* _What you have to do_: Going line by line through the records below, write out everything starting with the line containing "그런가 하면 야노 시호는" and going on through the line containing "高さ:27cm 最大幅:28cm 皿の直径:26cm(内寸21.5cm)", exactly and inclusively. Pictures do not go in.

Input records START

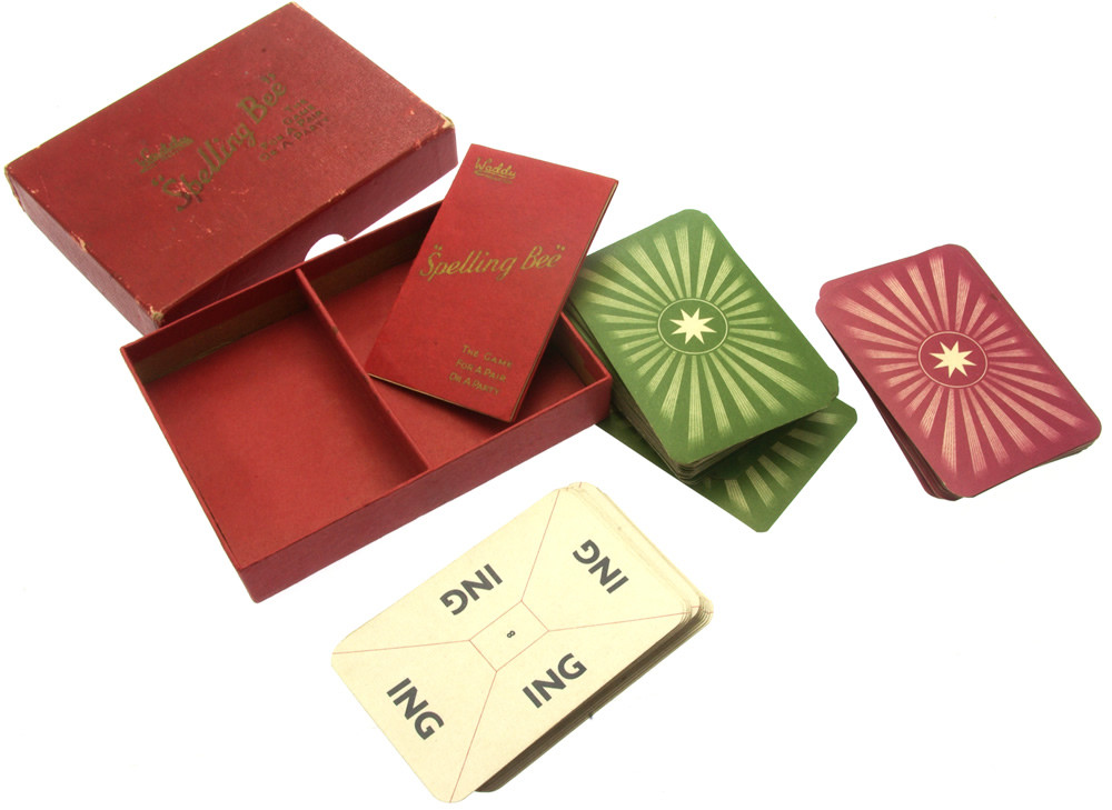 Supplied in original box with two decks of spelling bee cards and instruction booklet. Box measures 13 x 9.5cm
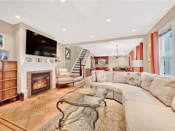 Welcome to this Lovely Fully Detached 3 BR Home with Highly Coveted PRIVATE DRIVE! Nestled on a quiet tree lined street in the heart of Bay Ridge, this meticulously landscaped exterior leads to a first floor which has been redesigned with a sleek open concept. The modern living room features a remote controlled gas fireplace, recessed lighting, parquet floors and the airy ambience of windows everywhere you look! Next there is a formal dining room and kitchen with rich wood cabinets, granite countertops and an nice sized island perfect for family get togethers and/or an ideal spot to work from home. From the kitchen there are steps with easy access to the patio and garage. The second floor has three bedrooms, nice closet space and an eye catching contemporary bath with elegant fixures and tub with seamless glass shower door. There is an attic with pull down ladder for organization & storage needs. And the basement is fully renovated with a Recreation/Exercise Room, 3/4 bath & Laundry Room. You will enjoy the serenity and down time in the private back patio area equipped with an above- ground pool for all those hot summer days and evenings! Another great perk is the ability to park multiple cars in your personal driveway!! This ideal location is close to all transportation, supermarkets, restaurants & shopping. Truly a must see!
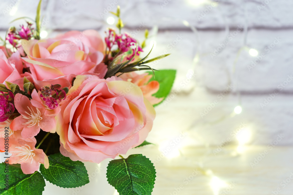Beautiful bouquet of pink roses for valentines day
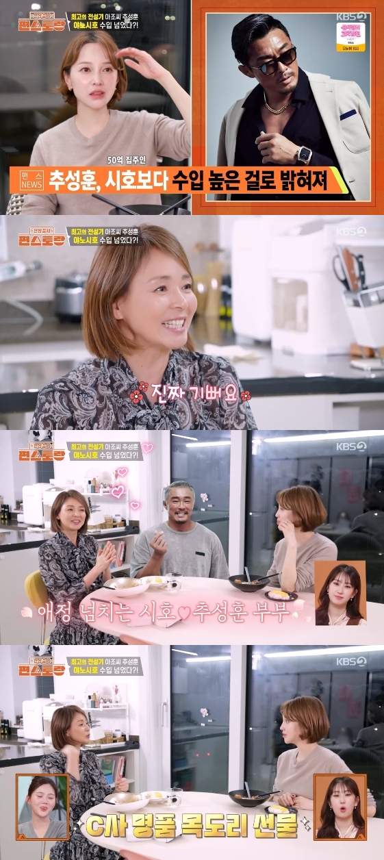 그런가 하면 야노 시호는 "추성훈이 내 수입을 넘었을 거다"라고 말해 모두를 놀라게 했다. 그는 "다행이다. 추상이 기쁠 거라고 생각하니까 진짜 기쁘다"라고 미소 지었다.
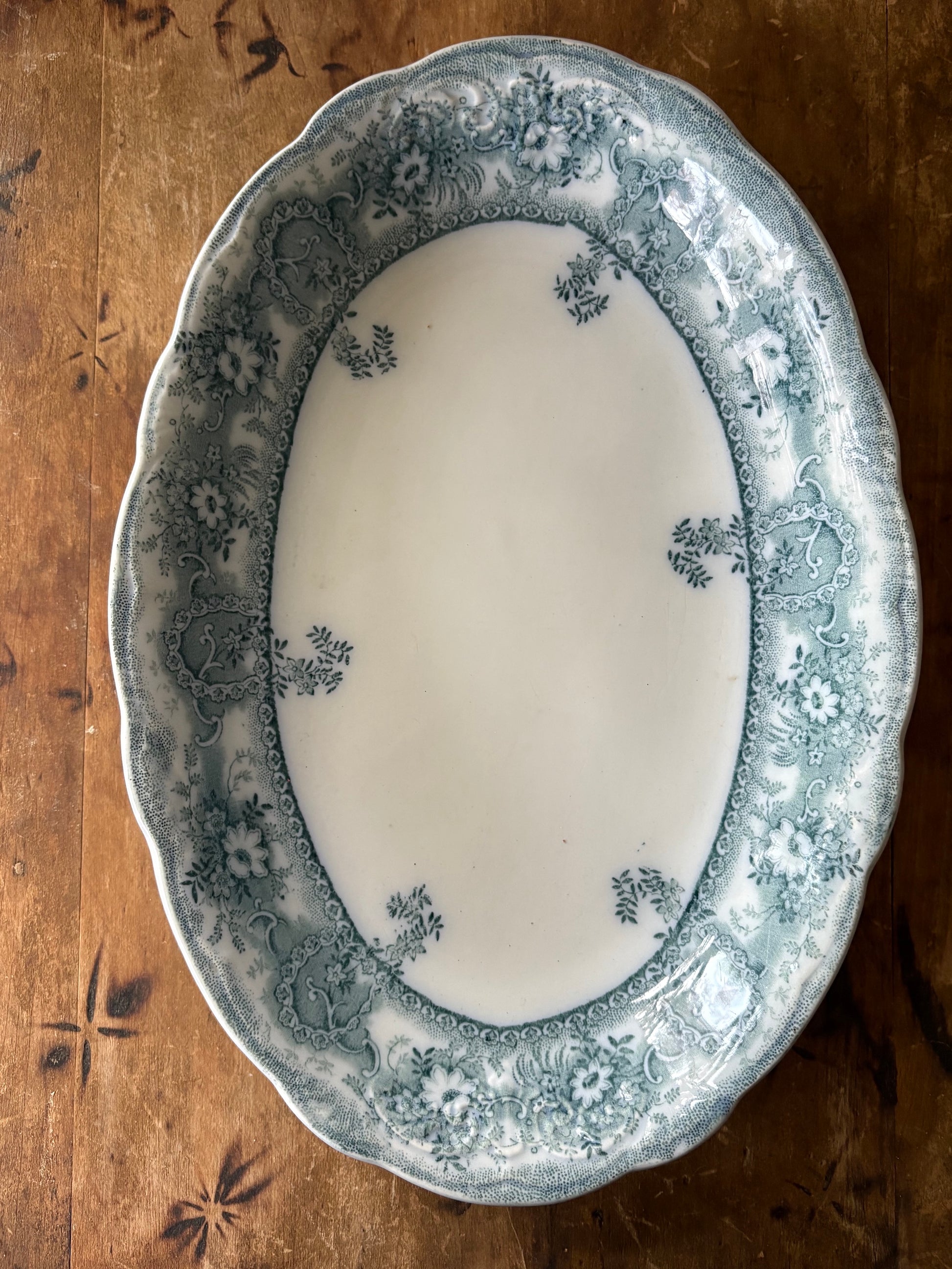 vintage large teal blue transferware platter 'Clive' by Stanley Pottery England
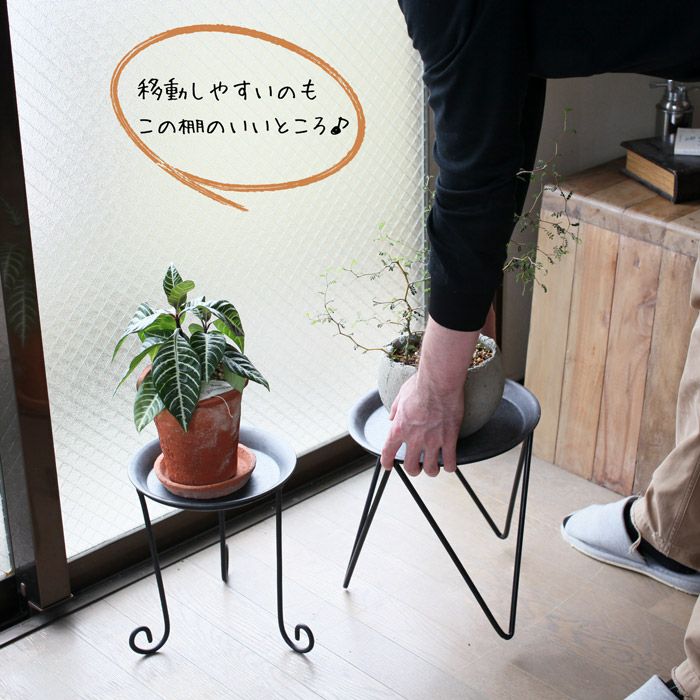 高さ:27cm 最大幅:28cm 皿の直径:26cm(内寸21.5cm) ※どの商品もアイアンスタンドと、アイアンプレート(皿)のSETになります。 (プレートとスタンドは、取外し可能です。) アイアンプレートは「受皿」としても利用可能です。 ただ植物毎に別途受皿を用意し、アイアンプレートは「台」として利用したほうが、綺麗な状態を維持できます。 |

Input records END
Input records START

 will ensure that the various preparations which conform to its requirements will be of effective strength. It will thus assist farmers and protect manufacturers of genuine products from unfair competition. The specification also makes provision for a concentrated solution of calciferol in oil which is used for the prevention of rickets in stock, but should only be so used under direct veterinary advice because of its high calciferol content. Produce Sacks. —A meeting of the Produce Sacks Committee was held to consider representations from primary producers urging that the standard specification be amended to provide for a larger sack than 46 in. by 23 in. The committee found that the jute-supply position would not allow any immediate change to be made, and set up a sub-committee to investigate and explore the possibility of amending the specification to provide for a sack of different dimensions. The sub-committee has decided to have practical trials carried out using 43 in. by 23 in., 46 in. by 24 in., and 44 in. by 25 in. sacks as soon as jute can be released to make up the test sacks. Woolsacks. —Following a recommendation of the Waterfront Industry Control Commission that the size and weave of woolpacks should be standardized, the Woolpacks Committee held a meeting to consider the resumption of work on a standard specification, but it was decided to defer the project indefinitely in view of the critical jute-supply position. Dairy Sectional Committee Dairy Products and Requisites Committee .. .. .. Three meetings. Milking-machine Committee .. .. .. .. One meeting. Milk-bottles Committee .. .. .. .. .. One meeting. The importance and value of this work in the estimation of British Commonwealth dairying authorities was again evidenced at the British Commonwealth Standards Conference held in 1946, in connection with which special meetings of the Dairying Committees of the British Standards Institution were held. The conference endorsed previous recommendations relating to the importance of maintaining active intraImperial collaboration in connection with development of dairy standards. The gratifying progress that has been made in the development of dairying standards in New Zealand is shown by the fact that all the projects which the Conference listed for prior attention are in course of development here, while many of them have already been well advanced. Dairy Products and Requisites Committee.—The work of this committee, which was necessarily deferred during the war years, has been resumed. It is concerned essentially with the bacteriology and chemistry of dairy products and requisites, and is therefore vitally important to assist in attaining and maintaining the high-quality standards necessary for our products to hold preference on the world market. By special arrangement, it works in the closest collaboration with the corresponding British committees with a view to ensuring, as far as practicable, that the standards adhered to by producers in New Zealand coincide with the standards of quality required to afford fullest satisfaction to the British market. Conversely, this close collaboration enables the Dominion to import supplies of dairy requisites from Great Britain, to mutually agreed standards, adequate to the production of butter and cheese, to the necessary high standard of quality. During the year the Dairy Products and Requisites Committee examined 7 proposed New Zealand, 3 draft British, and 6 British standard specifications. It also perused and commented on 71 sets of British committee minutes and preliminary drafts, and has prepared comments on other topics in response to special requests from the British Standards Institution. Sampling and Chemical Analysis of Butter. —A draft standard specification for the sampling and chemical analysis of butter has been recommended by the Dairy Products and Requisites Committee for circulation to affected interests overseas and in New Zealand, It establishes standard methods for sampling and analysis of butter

Input records END
Input records START

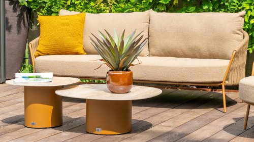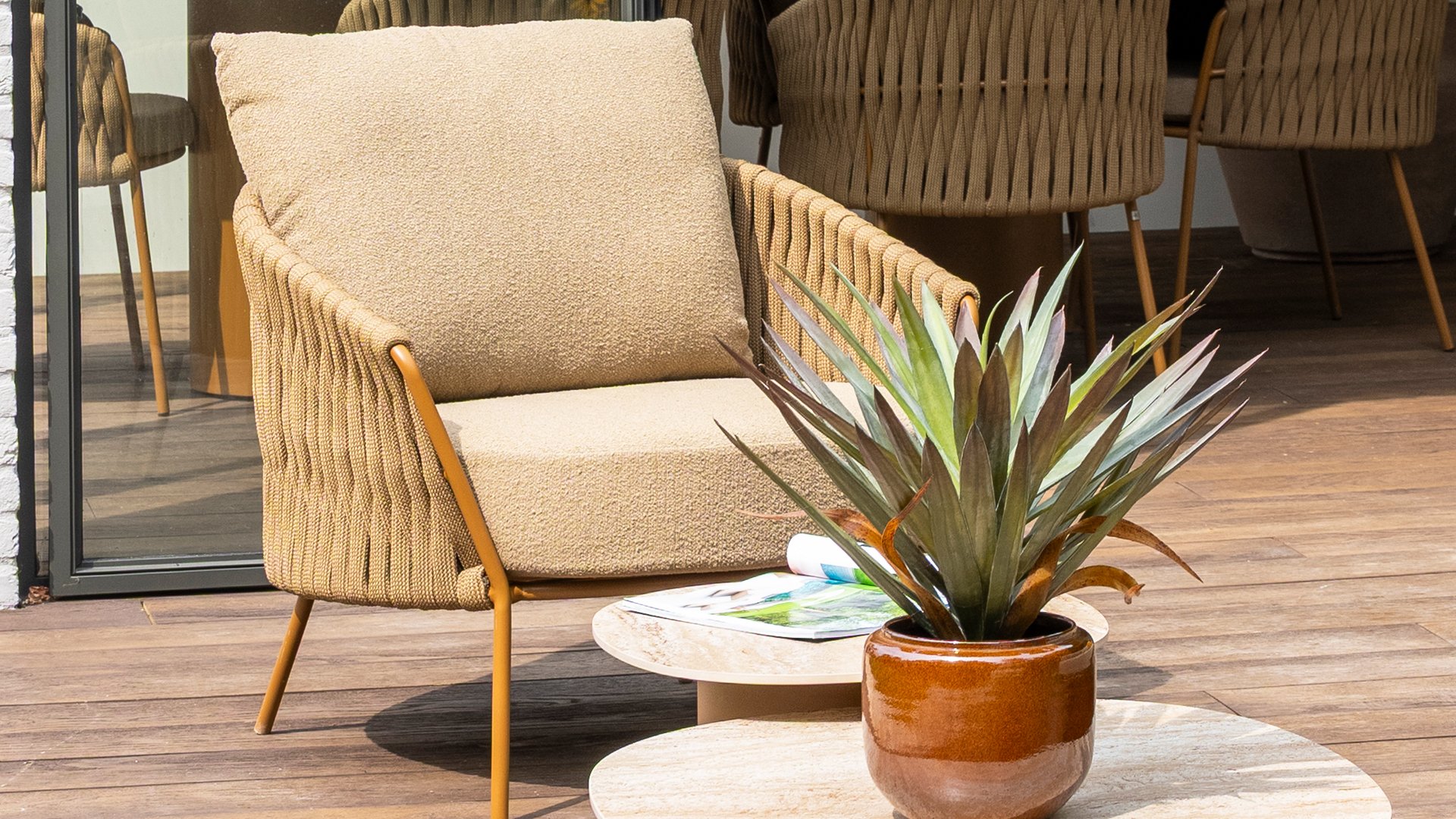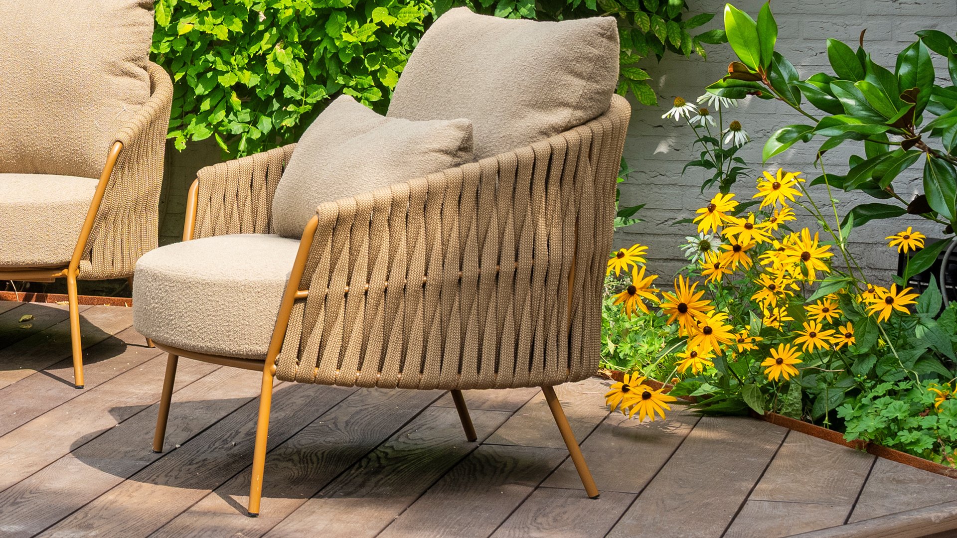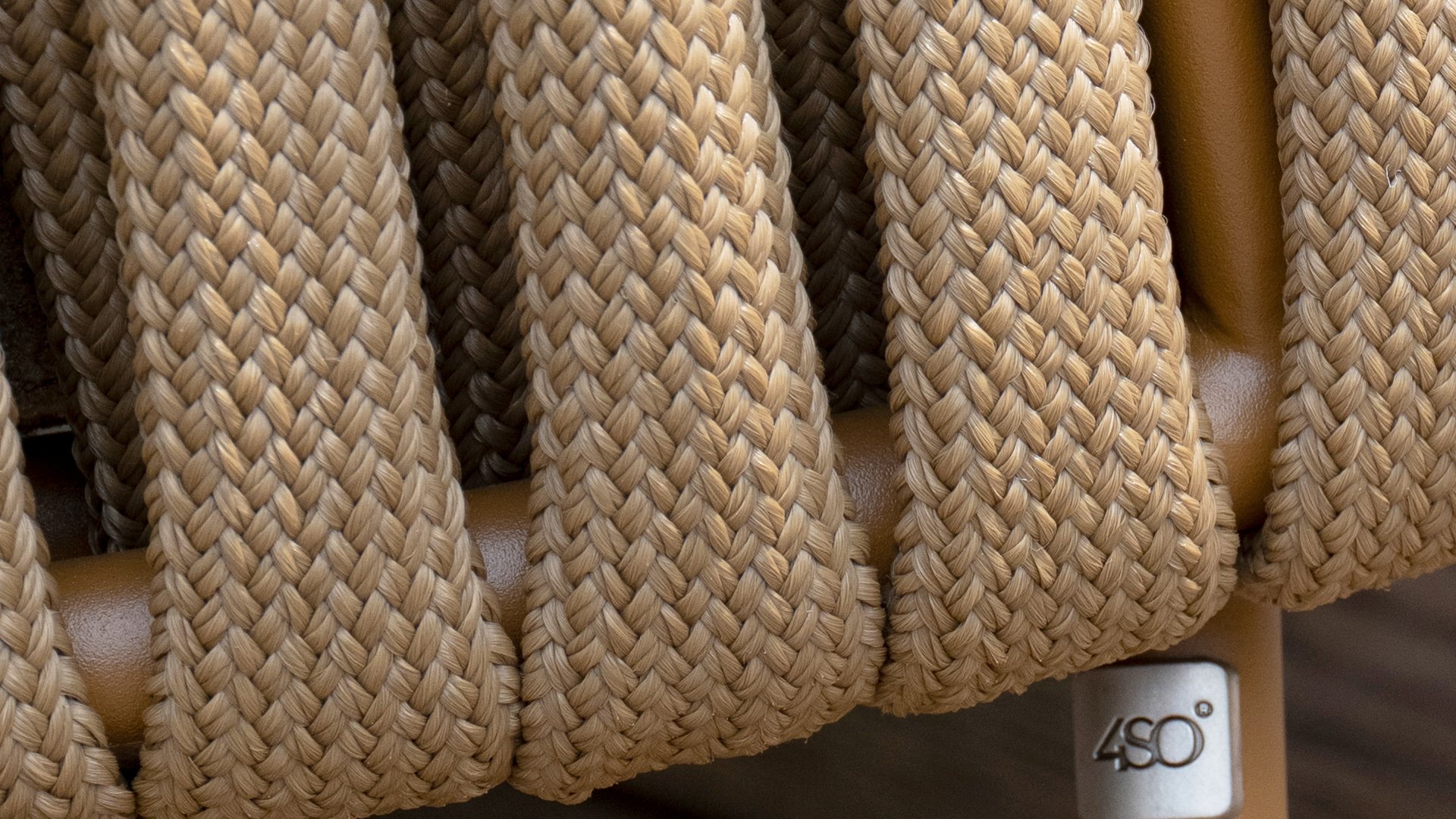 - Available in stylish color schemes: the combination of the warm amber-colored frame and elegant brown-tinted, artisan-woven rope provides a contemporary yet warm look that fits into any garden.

Input records END

* _Completed exercise_:
 그런가 하면 야노 시호는 "추성훈이 내 수입을 넘었을 거다"라고 말해 모두를 놀라게 했다. 그는 "다행이다. 추상이 기쁠 거라고 생각하니까 진짜 기쁘다"라고 미소 지었다.
 vintage large teal blue transferware platter 'Clive' by Stanley Pottery England
 高さ:27cm 最大幅:28cm 皿の直径:26cm(内寸21.5cm) ※どの商品もアイアンスタンドと、アイアンプレート(皿)のSETになります。 (プレートとスタンドは、取外し可能です。) アイアンプレートは「受皿」としても利用可能です。 ただ植物毎に別途受皿を用意し、アイアンプレートは「台」として利用したほうが、綺麗な状態を維持できます。 |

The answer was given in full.